Wulfred turns his head to tip up the cup of wine he has drunk from, giving Amadys a view of his profile. One eye opens and turns to the man speaking of links and those to be known in the city. He'll bring down the cup and exhale a satisfied sigh. "That is a rather attractive inquiry, milord." He looks down at his cup to see if there is a droplet left. He doesn't hold it out for a refill, opting to casually toss it between his hands.

"I'm going to assume you already know of Lord and Lady Tyrell, so we will skip that part of the divulgence," he begins while casually rolling the cup down one arm. He bounces it off of the inside of his elbow and catches it in his hand, "There are the Lannisters who have come to roost in our fair city, the Lord of Knives Trystan Banefort and his wife Lady Leof Banefort. You also have Lady Vivian Brax, whose home is reputed to be where the sun doesn't shine. Make note should someone ask you to store things in such a location." He then begins to balance his wine cup on two fingers as he continues, "Then you have the Targaryens who have come to our lovely city, most notably Aeron whose presence at the Bawdy Bard is second only to his presence in the beds of the Bawdy Bard." He flips the cup once and then catches it in his hand, "There are also a number of sellswords that have plagued the city. They're worth noting for the purpose of avoiding them, in particular the ones that carry Dothraki weapons and bear no humor in their words." He then looks askance to nothing, darting his eyes away from the group, "Have I left anyone out? I suppose it is good to know me. I was told not to sell myself short."

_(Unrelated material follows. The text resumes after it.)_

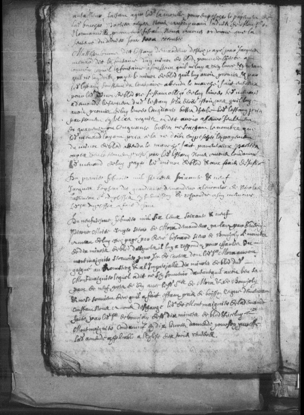 Requête de Mathieu Brunet dit Létang (Lestang), demandeur, de lui être payé par Jacques Ménard dit Lafontaine (La Fontaine), un minot de blé pour de l'herbe à couvrir. Ledit défendeur dit ne pas avoir promis un minot de blé audit demandeur qui soutient le contraire selon le marché qu'ils ont conclu ensemble. Il est ordonné que ledit Lafontaine (La Fontaine) paie le minot de blé audit Létang (Lestang) en plus des frais de justice

"Well, I expect I met them at court as a boy, years ago," Amadys claims, perhaps a little too smoothly to be convincing, "but I can scarcely be said to know any of the Roses well. Heard some wounded knight rant about how there was a well dowered daughter here, a Lady Laura or some such, before Maester Varderalk saved his life, at the cost of his jaw." But he falls quiet again willingly enough and listens to Wulfred's account with all the diligence he has seemed hitherto to lack, only interjecting at the mention of Vivian to murmur, "ah, yes, Lady in her own right, I gather," before shrugging into a light laugh at the excise-man's crude jests.

At this point another acolyte approaches, looking apologetic, and bends to whisper something in Amadys's ear. The sometime lordling looks much put out by it. "How irksome. It seems there has been some mistake, and I'm expected back with the bloody ravens, at this time of night. It's been…an education, Wulfred. Stick with old Permant as long as you like, he'll be far too gone to recall whether or not he knows you by now."

With a gracious smile and a rapid inclination of his head, Amadys then swills back the last of his cup, and follows his fellow-student off to some feathery errand or other.